Xython - XML-Formed Python

Steve Horne steve at lurking.demon.co.uk
Mon Feb 4 06:20:40 EST 2002


On 4 Feb 2002 01:42:33 -0800, alanmk at hotmail.com (Alan Kennedy) wrote:

>Gerard Braad <g_braad at survion.com> wrote:
>> Any help would be appreciated. We hope this will become a standard for
>> inclusion of Python in XML documents.
>
>Gerard,
>
>I don't understand what's wrong with
>
><script language="python" xml:space="preserve">
>    def messiah():
>        print "He's NOT the Messiah."
>        print "He's a very naughty boy."
></script>
>
>or something similar.
>
>Alan.
>
>P.S. It's from "The Life of Brian", in case you're wondering.

This solves one problem - a simple embedding of Python in XML.

I haven't looked at their site, but XML (using tags for structures,
statements etc) may have considerable benefits over plain text as a
source code representation - the only problem being the need for good
XML editors...

One major advantage is the possibility that source code could be more
concerned with semantics, and the presentation could be an issue for
the editor. No more arguments about indentation against braces - tell
the dissenters to simply configure their editor to work with braces
instead of (or as well as) indentation. With a sufficiently
sophisticated editor, the syntax of the language becomes 'skinnable'.

Another advantage is that identifiers inherently occupy a different
namespace to tag names (ie keywords), so the issue of adding new
keywords becomes a complete non-issue. Odds are there would be a
simple <id name="xxx" /> tag for identifiers, editors would make the
keyword/identifier issue clear using colour or style, and conflicts
between identifiers and keywords would simply be impossible.
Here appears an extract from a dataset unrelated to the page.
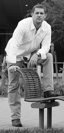 American actor Gunner Wright was cast as Isaac Clarke, with the character's in-game model from Dead Space 2 onwards designed to match Wright's facial features.[15][13] To prepare for the role, Wright was provided with drawings, concept art, back story and notes about the character in addition to the game's script.[15] During the motion capture process, Wright wears a lycra suit and a headband attached with motion capture and recording equipment for his facial expressions and body gestures; he was occasionally shown animated snippets of in-game scenes in between filming takes to provide further context for his performance, which served as the basis for the character's in-game actions.[16] Wright said the role appealed to him, as he liked portraying ordinary and relatable characters who find themselves forced into extreme circumstances.[17] Wright remarked that he is not a gaming enthusiast or gamer himself, though he set a high standard for himself when playing Isaac and took it as seriously as any other acting role.[18] A scene where Isaac locks Ellie into a ship which carry her to safety against her consent resonated with Wright from an acting perspective, which he described as "emotional and pivotal".[16] He remarked that fan feedback on social media towards his portrayal of the character had been positive, and noted that there are gamers who want a deeper story and well written characters for their video game experiences.[19]
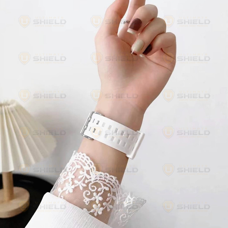 بند آلتیمیت شیلد مدل Transparent Shock از ترکیب سیلیکون نرم و TPU مقاوم ساخته شده و همزمان دوام بالا، راحتی و استایل اسپرت ارائه میدهد. طراحی یکتکهی این محصول باعث میشود نصب آن روی ساعت سریع و بیدردسر باشد و اتصال بند و کاور بهصورت ثابت و بدون لقزدن باقی بماند. کاور بدنهی ساعت را بهخوبی در برابر ضربه، خطوخش و گردوغبار محافظت میکند اما پوشش محافظی برای صفحهنمایش ندارد، که همین موضوع باعث حفظ کامل حساسیت لمسی و عملکرد روان تاچاسکرین ساعت میشود. بند سیلیکونی نیز با طراحی مشبک و قفل فلزی، تهویه مناسب، انعطافپذیری بالا و راحتی طولانیمدت را برای استفاده روزمره، ورزشی و شرایط پرتحرک فراهم میسازد. این ترکیب انتخابی مناسب برای کسانی است که بهدنبال محافظت همهجانبه و ظاهر حرفهای برای ساعت هوشمند خود هستند.

Another advantage - issues where the semantics of certain syntax have
changed become a non-issue. An example would be the division operators
semantic change. Whether a tag is represented in the editor using a
function or an operator, in addition to the actual symbol used, could
be configurable. Simply create additional division tags for the new
semantics (keeping the old ones) and let people reconfigure their
editors to use the syntax they want for the semantics they want.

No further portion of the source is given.